▸ Prompt:
Print the listing below word for word, but drop any pictures it contains.

▸ Given material:
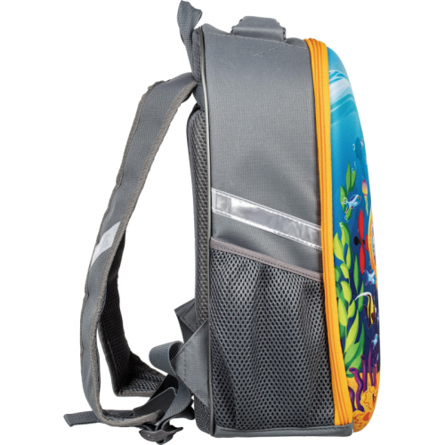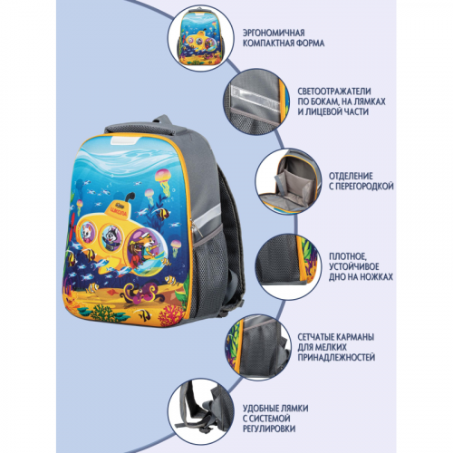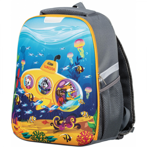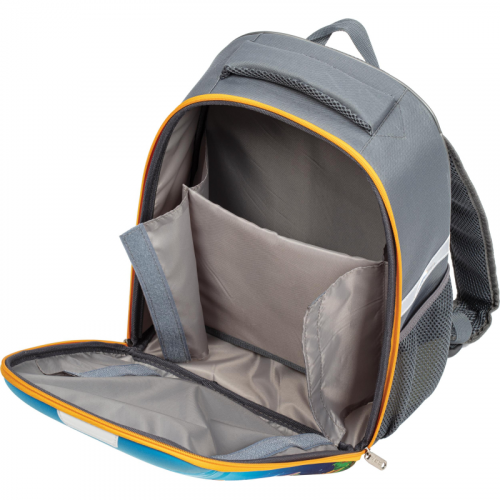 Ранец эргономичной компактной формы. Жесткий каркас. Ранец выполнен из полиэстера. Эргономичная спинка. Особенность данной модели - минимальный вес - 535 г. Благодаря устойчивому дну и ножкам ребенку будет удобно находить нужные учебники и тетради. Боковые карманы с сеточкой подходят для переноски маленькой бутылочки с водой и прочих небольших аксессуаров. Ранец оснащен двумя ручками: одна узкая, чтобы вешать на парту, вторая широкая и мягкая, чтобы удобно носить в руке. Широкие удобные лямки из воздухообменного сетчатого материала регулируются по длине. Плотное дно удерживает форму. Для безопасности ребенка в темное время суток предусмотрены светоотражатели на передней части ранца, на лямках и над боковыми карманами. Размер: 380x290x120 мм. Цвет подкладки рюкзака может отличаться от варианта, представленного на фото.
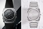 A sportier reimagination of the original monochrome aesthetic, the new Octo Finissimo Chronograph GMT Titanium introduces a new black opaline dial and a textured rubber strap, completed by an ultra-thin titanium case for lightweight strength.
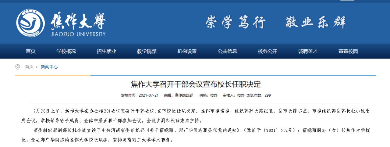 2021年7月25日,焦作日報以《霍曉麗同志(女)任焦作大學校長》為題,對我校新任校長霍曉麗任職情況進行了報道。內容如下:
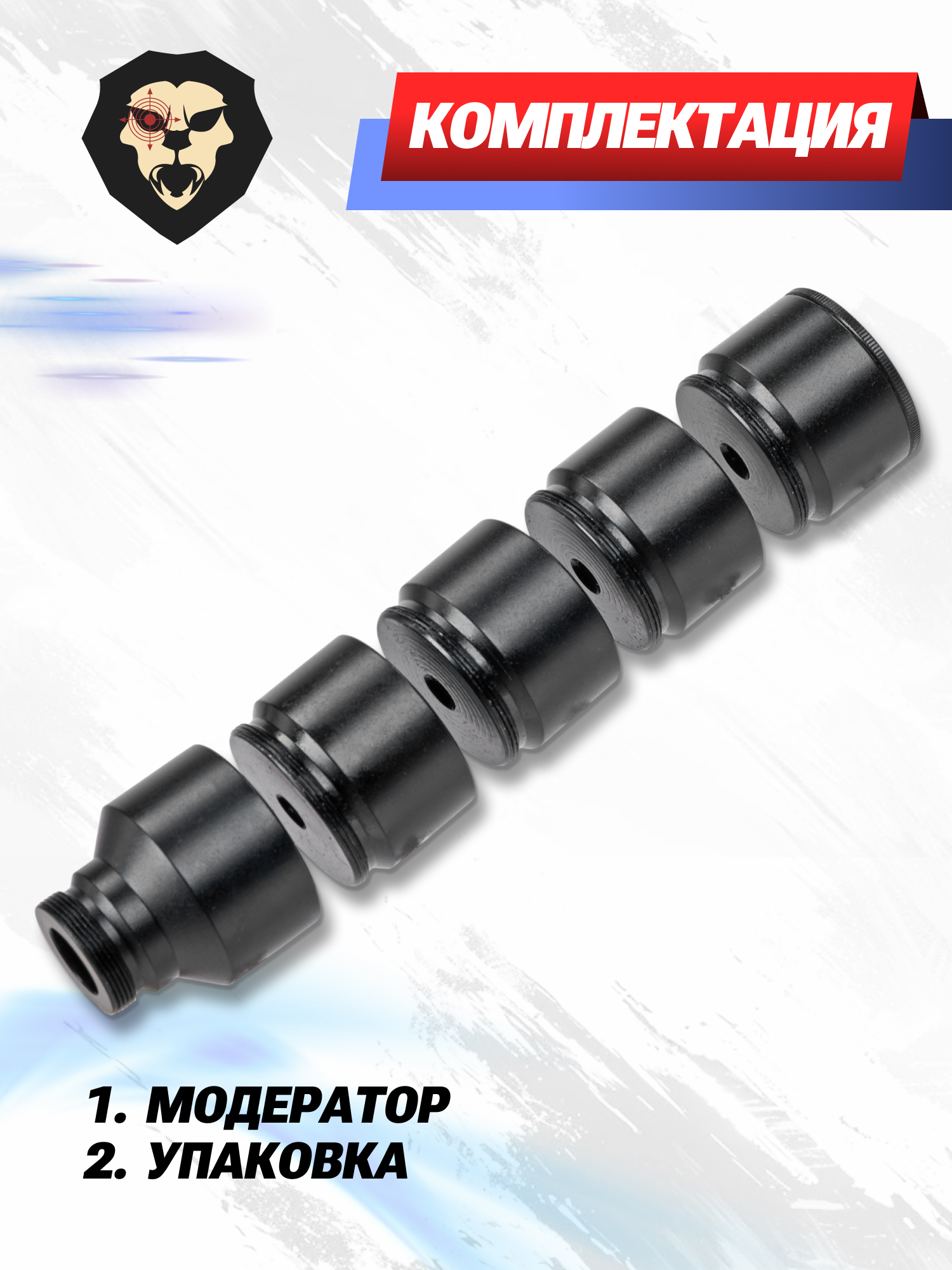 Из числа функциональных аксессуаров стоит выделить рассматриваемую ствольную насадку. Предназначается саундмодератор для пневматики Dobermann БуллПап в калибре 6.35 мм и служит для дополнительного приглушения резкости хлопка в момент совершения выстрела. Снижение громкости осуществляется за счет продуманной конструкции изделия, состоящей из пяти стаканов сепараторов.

▸ Reply to the exercise:
 Ранец эргономичной компактной формы. Жесткий каркас. Ранец выполнен из полиэстера. Эргономичная спинка. Особенность данной модели - минимальный вес - 535 г. Благодаря устойчивому дну и ножкам ребенку будет удобно находить нужные учебники и тетради. Боковые карманы с сеточкой подходят для переноски маленькой бутылочки с водой и прочих небольших аксессуаров. Ранец оснащен двумя ручками: одна узкая, чтобы вешать на парту, вторая широкая и мягкая, чтобы удобно носить в руке. Широкие удобные лямки из воздухообменного сетчатого материала регулируются по длине. Плотное дно удерживает форму. Для безопасности ребенка в темное время суток предусмотрены светоотражатели на передней части ранца, на лямках и над боковыми карманами. Размер: 380x290x120 мм. Цвет подкладки рюкзака может отличаться от варианта, представленного на фото.
 A sportier reimagination of the original monochrome aesthetic, the new Octo Finissimo Chronograph GMT Titanium introduces a new black opaline dial and a textured rubber strap, completed by an ultra-thin titanium case for lightweight strength.
 2021年7月25日,焦作日報以《霍曉麗同志(女)任焦作大學校長》為題,對我校新任校長霍曉麗任職情況進行了報道。內容如下:
 Из числа функциональных аксессуаров стоит выделить рассматриваемую ствольную насадку. Предназначается саундмодератор для пневматики Dobermann БуллПап в калибре 6.35 мм и служит для дополнительного приглушения резкости хлопка в момент совершения выстрела. Снижение громкости осуществляется за счет продуманной конструкции изделия, состоящей из пяти стаканов сепараторов.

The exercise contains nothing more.